Now we've got a takeover time and price, let's take interest in the 49ers again

The Athletic say the bit by bit investment that 49ers Enterprises, the money-not-football arm growing from throwing-not-kicking club San Fransisco 49ers, has a structure to it that we didn't know about before.

The Athletic's David Ornstein and Phil Hay say the bit by bit investment that 49ers Enterprises, the money-not-football arm growing from throwing-not-kicking club San Francisco 49ers, has a structure to it that we didn't know about before. While negotiating to get their shareholding up to 37 per cent in January 2021 — since increased to 44 per cent in November — the investors, led by 49ers executive vice president Paraag Marathe and including a cast of tech founders, sport investors, property developers and who knows who but maybe even LL Cool J, sorted out how a full takeover can look. They have a deal to buy 100 per cent of Leeds United and the Elland Road stadium by January 2024 for a price between £400m and £475m. That includes what they've already paid, meaning they have to find another £200m or so.

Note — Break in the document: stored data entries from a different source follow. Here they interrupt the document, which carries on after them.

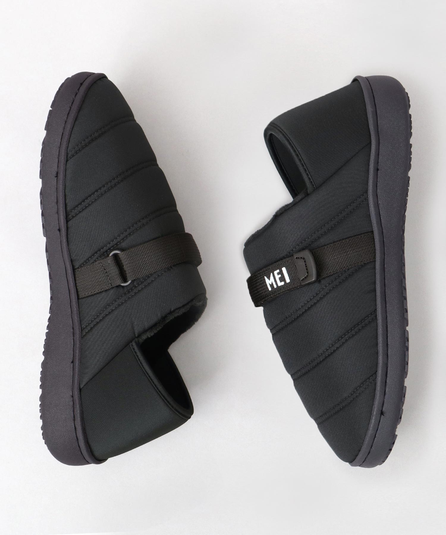 MEI定番のキルティングモックシューズに、フィット感の調節が可能なベルトが仕様追加された、ほどよくスポーティなデザイン。
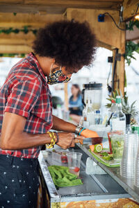 African American barman preparing cocktail drinks for White female client in outdoor bar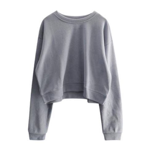 绒薄款纯色圆领卫衣女 高腰小个子雾蓝色显瘦宽松上衣短外套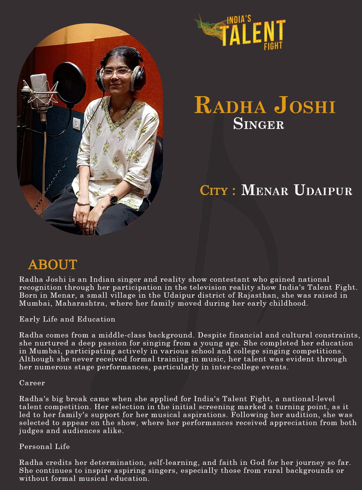 ITF Singer Radha Joshi Menar UdaipurRadha Joshi is an Indian singer and reality show contestant who gained national recognition through her participation in the television reality show India’s Talent Fight. Born in Menar, a small village in the Udaipur district of Rajasthan, she was raised in Mumbai, Maharashtra, where her family moved during her early childhood.Early Life and EducationRadha comes from a middle-class background. Despite financial and cultural constraints, she nurtured a deep passion for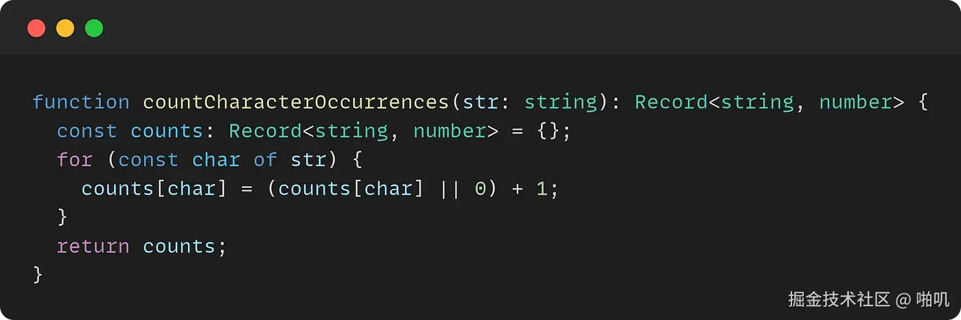 问题:“编写一个函数,统计一个字符串中每个字符的出现次数,并将结果作为一个对象返回。”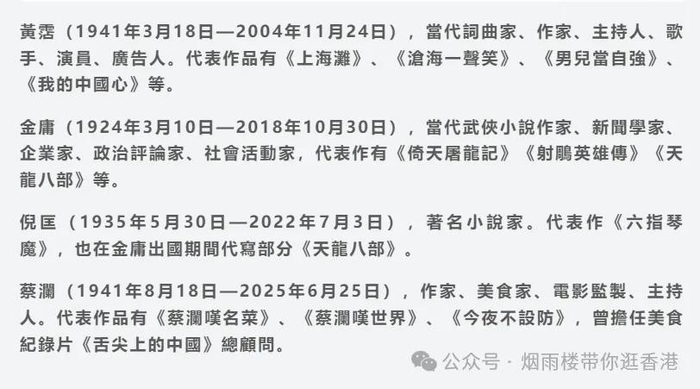 与已故的金庸、黄沾、倪匡被封为香港四大才子的蔡澜,近年传出身体欠佳。而在27日就传出他离世消息,享年83岁。及后透过他的社交网站贴文,证实该消息:「我们敬爱的蔡澜先生,于2025年6月25日(六月初一),在亲友陪同下,于香港养和医院安详离世。遵从先生意愿,为叨扰亲朋,不设任何仪式,遗体已火化。再次感谢各位对蔡澜先生的关怀。」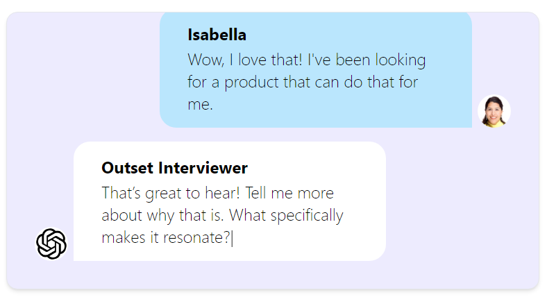Get the insights you need at the speed your business demands, with AI-moderated interviews. Conduct 1000 interviews at once, in any language. Our AI interviewer engages participants in rich discussions and probes deeper to get the ‘why’ behind answers. Throughout a research project, our AI engine analyzes transcripts for you. Get summaries, extract and count themes, and highlight powerful verbatims to tell your story. When you need answers quickly, leverage the speed and reach of an AI-moderated interview. Get hundreds of in-depth conversations in less than a day.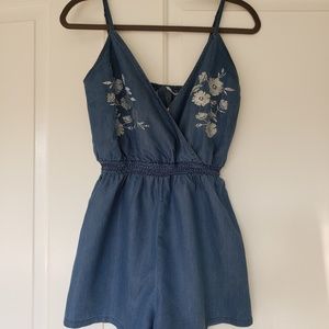 Adorable blue/denim like romper. Cinched waist so it is meant to be high waisted. Has cute detailing on the top and is very comfortable to wear.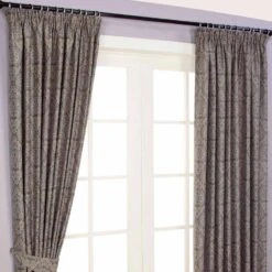 Grey Jacquard Curtain Abstract Ikat Design Fully Lined – 46″ X 90″ Drop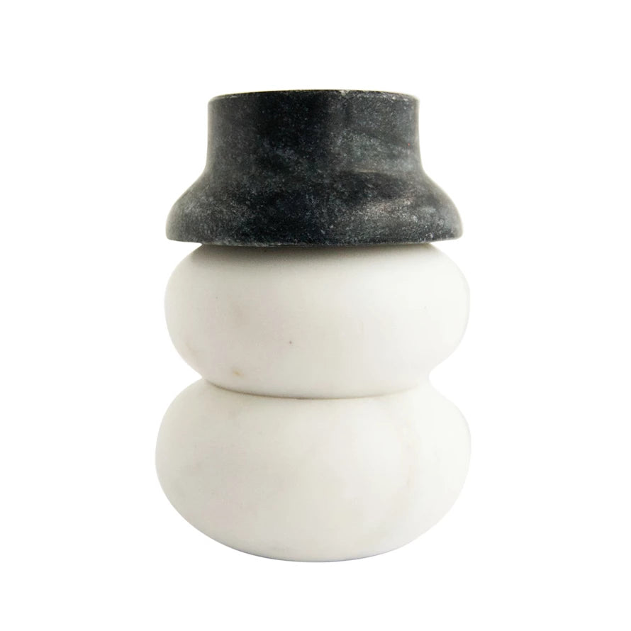 This charming set of three marble pinch pots, designed to resemble a snowman with a hat lid, is a delightful way to present condiments or small snacks. The crisp white and black colors evoke the joyous spirit of winter, while the varying sizes—3 inches round by 1.5 inches high for the bottom pot, 2.75 inches round by 1.5 inches high for the middle pot, and 2.75 inches round by 1.5 inches high for the hat lid—make them versatile for different uses. Hand wash is recommended to keep this enchanting set looking its best. These pinch pots are not only functional but also make for a festive and whimsical addition to any table setting. The smooth marble material adds a touch of elegance to any occasion. A playful trio of marble pinch pots shaped like a snowman, complete with a hat lid, in classic white and black. An adorable addition to any winter-themed kitchen or festive table setting, these pots bring a touch of whimsy. This set is perfect for holding spices or small treats, adding a merry touch to any holiday spread.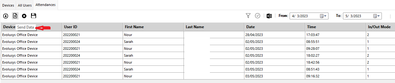 The system will display the attendance events of all employees from all devices: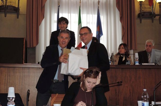 Il Capogruppo di Forza Italia al Comune di Pescara Marcello Antonelli stamane, a nome dei consiglieri di Forza Italia, Pescara in Testa e dell’Associazione culturale #Pescaraprima che hanno partecipato all’iniziativa, ha consegnato al sindaco Alessandrini durante la seduta del Consiglio comunale l’urna contenente le schede votate dai pescaresi contro la realizzazione della pista ciclabile in via Leopoldo Muzii. Sono 394 voti contrari, raccolti in due ore e mezza lo scorso 12 novembre, rispetto ai soli 6 voti a favore su 400 schede disponibili.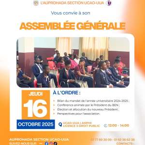 L'Association Universitaire pour la Promotion du Droit OHADA (AUPROHADA) Section Université Catholique de l'Afrique de l'Ouest - Unité Universitaire à Abidjan (UCAO-UUA) a le plaisir de convier l'ensemble de ses membres, sympathisants et partenaires à son Assemblée Générale, qui se tiendra le jeudi 16 octobre 2025, de 12h00 à 14h00, dans l'Amphithéâtre Licence 3 Droit Public de l'UCAO-UUA.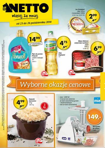{loadposition linkNetto} Nowa gazetka promocyjna Netto - "Wyborne okazje cenowe". Polecane promocje z gazetki Netto: Olej Kujawski 1 L - 1,89 zł. Ser President camembert 120 g - 2,99 zł. Płyn do prania Perwoll 3 L - 14,99…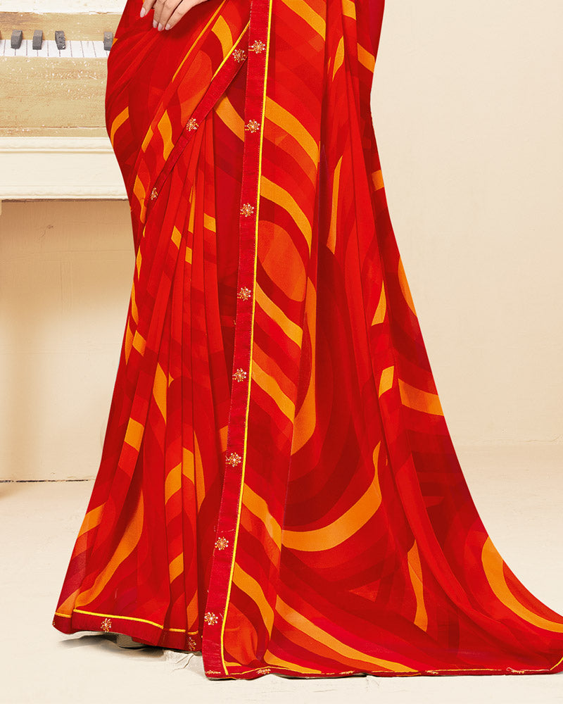 Vishal Prints Chili Red Printed Georgette Saree With Fancy Border
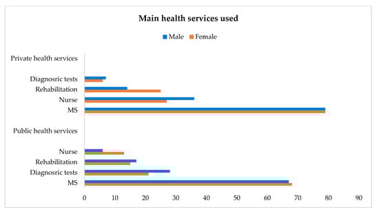 When moving from the general use of public vs. private healthcare to single types of services in each sector, the gender dimension takes on more nuances/declinations, as a result of more types being reported by each respondent in some cases. With respect to public health services, senior people reported more than one in some cases; in particular, MSs (68% in total, and similar for both genders) and diagnostic tests (23% in total, more for men), followed by rehabilitation (15% in total, slightly more for men) and nursing care (the latter reported predominantly by women). Some health services are, however, more requested from the private sector, especially MSs (79%, both genders), nursing care (29%, more for men), and rehabilitation (23%, more for women) (Table 5; Figure 3).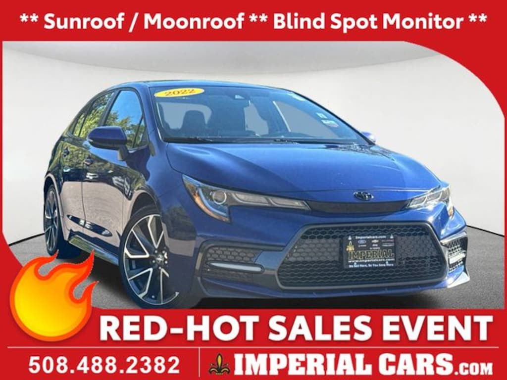 Sunroof / Moonroof, Blind Spot Monitor, Lane Keeping Assistance, Apple CarPlay / Android Auto, Collision Avoidance Assistance, Backup Camera, Bluetooth, Cruise Control, Power Windows, Power Locks, Steering Wheel Radio Controls, Aluminum Wheels, Blind Spot Monitor (BSM) w/RCTA, Front Doors Smart Key System, Power Tilt/Slide Moonroof, SE Premium Package. Blue 2022 Toyota Corolla SE SE 4D Sedan 2.0L I4 DOHC 16V FWD CVT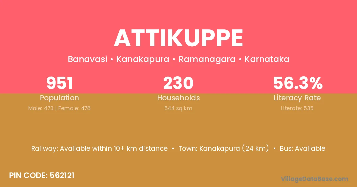 Kanakapura (24 km) is the nearest town to Attikuppe village for major economic activities and is located approximately 24 km away.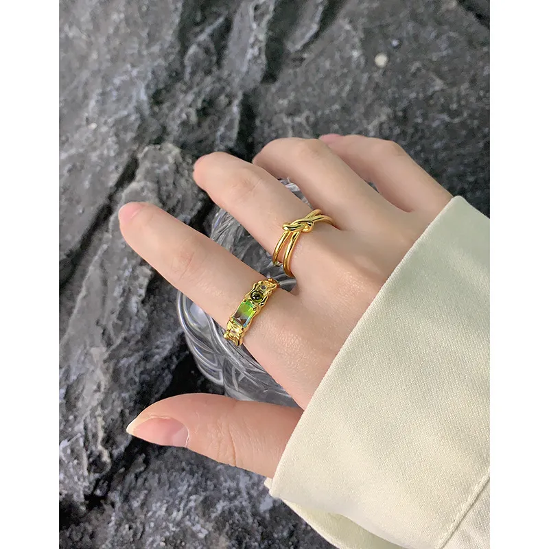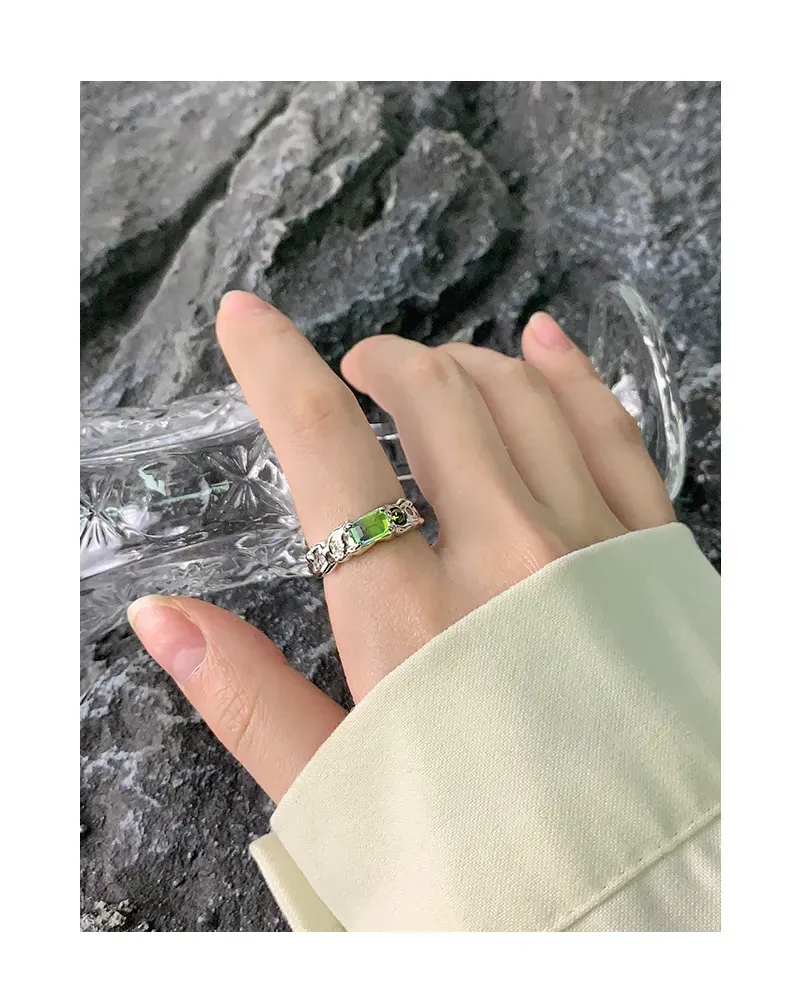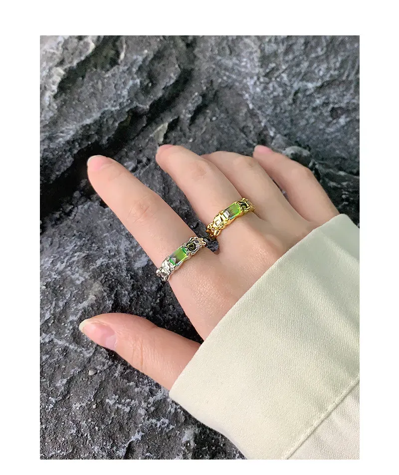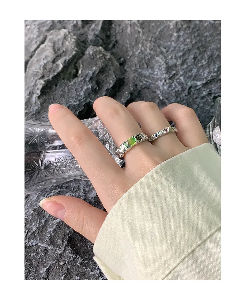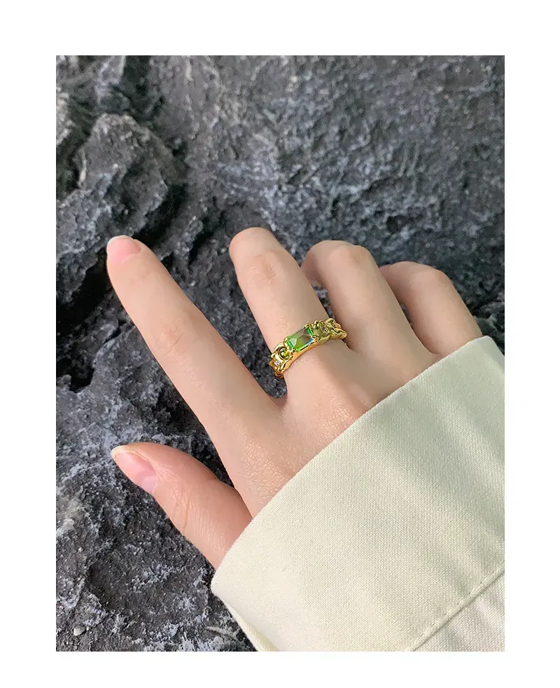 • Color: The ring features a radiant gold band, providing a warm, luxurious foundation. At its heart lies an exquisite iridescent rectangular gemstone, shimmering with a captivating gradient of luminous blue-green, reminiscent of the aurora’s mystical hues. Complementing this central spectacle are smaller, round dark green gemstones, echoing the depth of ancient forests, alongside delicate clear and subtle lilac cubic zircons, reflecting the shimmer of starlight.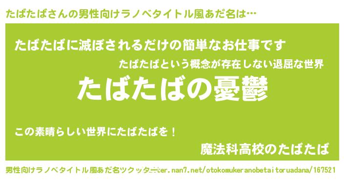 | 胡散臭い通販商品みたいなあだ名 | 『必ず成功する水晶球…その名も「たばたば」』 |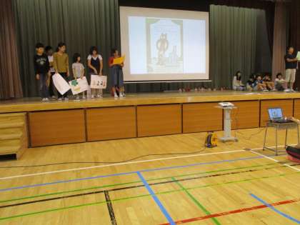 また、図書委員会の人たちは、明日の図書委員会集会に向けてリハーサルを行いました。全校のみなさんに本を読んでみたいなという気持ちになるような発表にしたいと、みんなはりきって練習をしていました。明日の集会を楽しみにしていてください。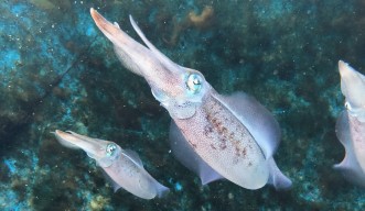 Two species of cestodes have been found in the guts of wild-caught oval squids.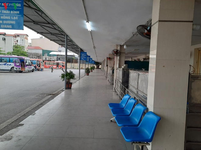 Hàng ghế chờ tại bến xe Gia Lâm vắng vẻ lạ thường. Ảnh VOV.
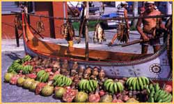達悟人以生活中的三大主食:小米、芋頭、地瓜,以及飛魚乾,擺放在拼板舟旁,作為主要的祭品。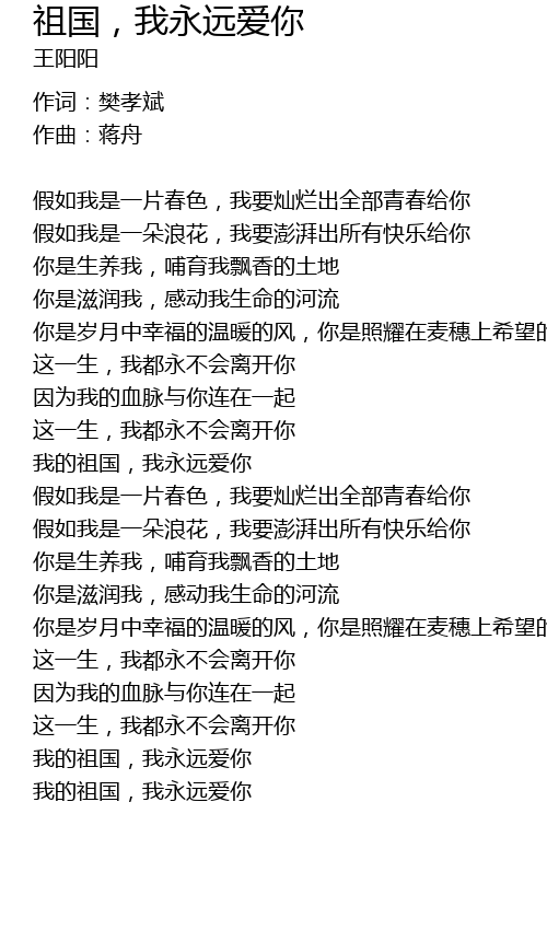| 我的祖国,我永远爱你 |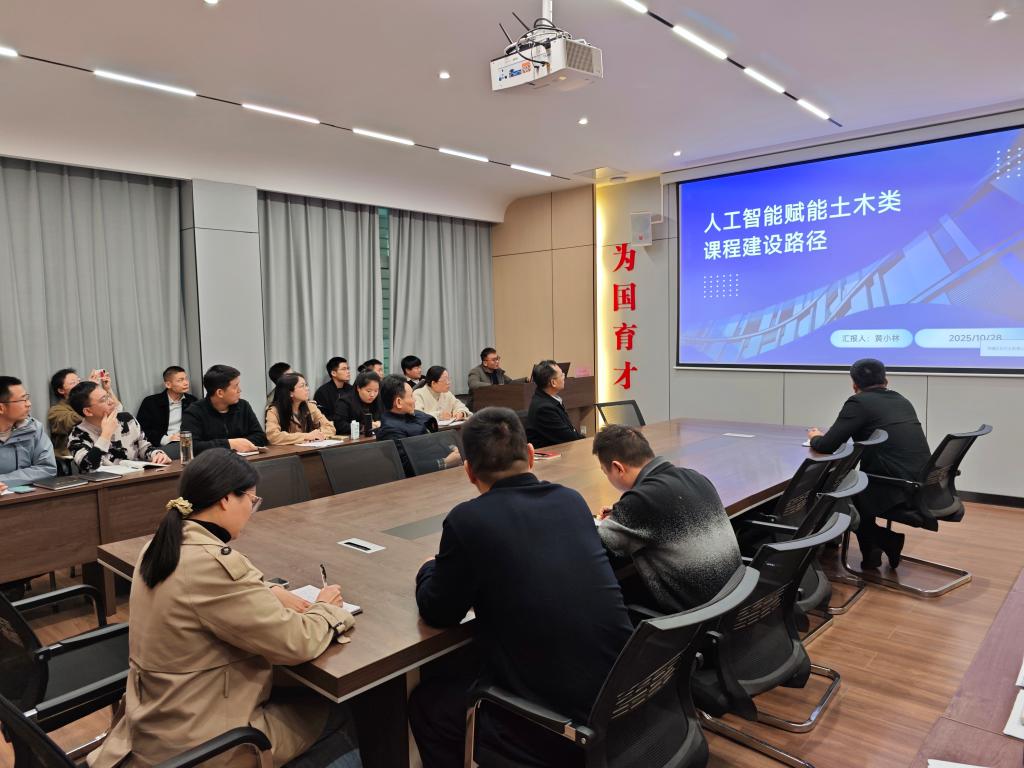 本次培训由高级工程师黄小林老师主讲,他结合国家政策导向与行业发展趋势,系统阐述了AI技术在土木类专业教学改革中的应用路径。与会老师围绕“人工智能赋能土木类课程建设路径”展开深入探讨。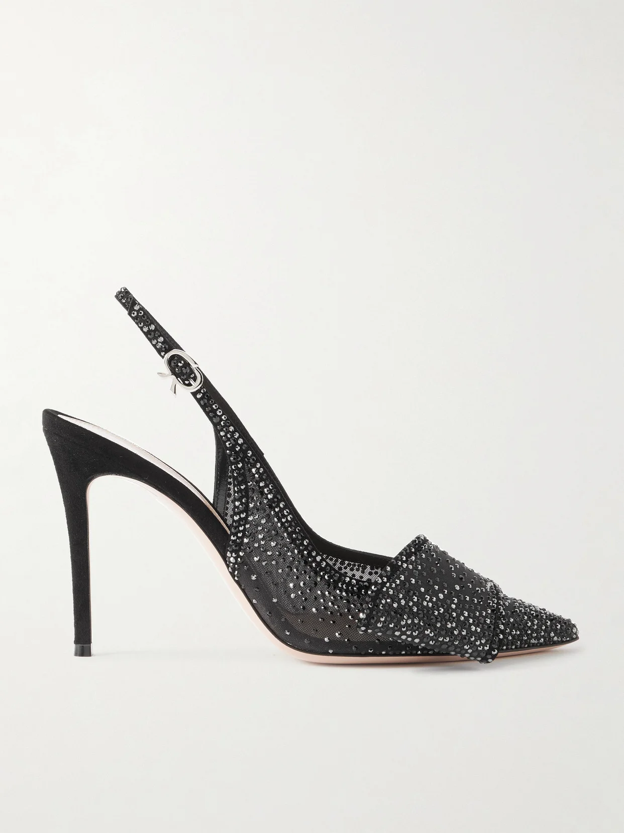Gianvito Rossi believes in the transformative effect of the right pair of shoes - particularly styles that boost confidence. These point-toe pumps are made from semi-sheer organza, trimmed with plush suede and are adorned with glinting crystals. The slingback straps ensure a secure fit.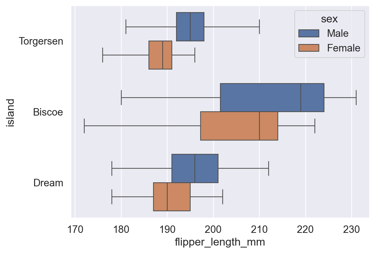 #👆绘制不同岛屿上雌雄企鹅各自的箱线图

It sounds like they're gonna, too, and they're not even going to wait until then. Hay 'n' Ornstein's (Hornstein?) sources say the total buy out 'is likely to come sooner'. They're seven per cent from majority control as it is, although I'd still be tempted to buy five per cent and enjoy being the 49ers with 49 per cent for a while. Andrea Radrizzani might retain a small stake when all is done, which makes sense because he seems like a sentimental fella, and also because his big stake has quadrupled in value so far so why wouldn't he.

Another detail of Hornstein's report stands out: that if Aser, Radrizzani's company for all his sports and media interests, buy another football club anywhere on planet earth before January 2024 then it voids the deal with 49ers Enterprises. Presumably if the total 49ers takeover is done before then Radrizzani can do what he likes, and it's not a non-compete clause ('don't buy Salernitana until 2024, give us a chance!'). But I'm also presuming 49ers Enterprises have listened to Radrizzani's plans for a network of European clubs and decided they'd rather just buy an unfettered Leeds United AFC, thank you very much for the fascinating concept all the same.

The headline is the sale price compared to the purchase price: Radrizzani said his initial investment in Leeds, to get the club off of Massimo Cellino and the stadium out of the British Virgin Islands, was £100m. That was summer 2017. To get the shell of a club Cellino handed over into the Premier League and agree to sell it for more than four times as much, within five years, is not a bad effort for a first timer. A framed portrait of Marcelo Bielsa should have pride of place, I think, on the new coffee table he'll buy with his profits, but it's a better look than Ken Bates glaring angrily at plans for the Lowfields motel that was going to make his fortune if only the sickpots and dissidents hadn't made it all so hard.